"And for not treating me like a crazy person, because that's how I've felt these past few days..."
Stefan's hand had reached out and taken mine, causing me to catch my breath. His touch was responsible for the butterflies that had formed in my stomach. This happened over two hours ago, so why was I laying in bed looking up into the darkness thinking of his hand? Maybe it was because in that simple touch I lost all control, and the memories came flooding back.
He had been forgiving long ago for leaving, even though I hadn't really shown it until that moment on my front porch. That moment felt like old times. Stefan always walked me to my door after a night of hanging out. It's one of the things I like, I mean liked, about him.
"Who are you kidding Caroline?" I yelled at myself.

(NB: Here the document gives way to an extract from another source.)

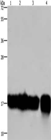 Gel: 10%SDS-PAGE, Lysate: 40 μg, Lane 1-4: A549 cells, K562 cells, Raji cells, human fetal intestine tissue, Primary antibody: CSB-PA959846(IL17C Antibody) at dilution 1/300, Secondary antibody: Goat anti rabbit IgG at 1/8000 dilution, Exposure time: 20 seconds
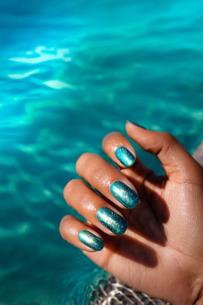 Deep translucent teal jelly nails layered with mermaid-effect shimmer shifting between teal, aqua and silver, like light through ocean water. The mermaid shimmer in a teal base is one of the most cohesive and immersive jelly texture nail designs in this section — the colour shift stays within the same ocean colour family, creating depth rather than distraction. Deeply satisfying glazed nail designs.

No matter how hard I've tried I can't shake him. I can't stop myself from going back to those memories, even if I wanted too. I was there the night he found out about Damon and Elena. I saw the hurt in his beautiful green eyes, and I couldn't figure out why Elena would do that to him. That night when he had thrown me over his shoulders and took me out onto the dancefloor he could have chosen any girl there, but it was me. At prom, once again, the Stefan Salvatore who didn't dance spun me around to the music.
Then there was the night at in the travelers camp. The night I knew I couldn't deny my feelings anymore. Somewhere between supernatural missions and talking in front of the fireplace I had fallen completely in love with my best friend.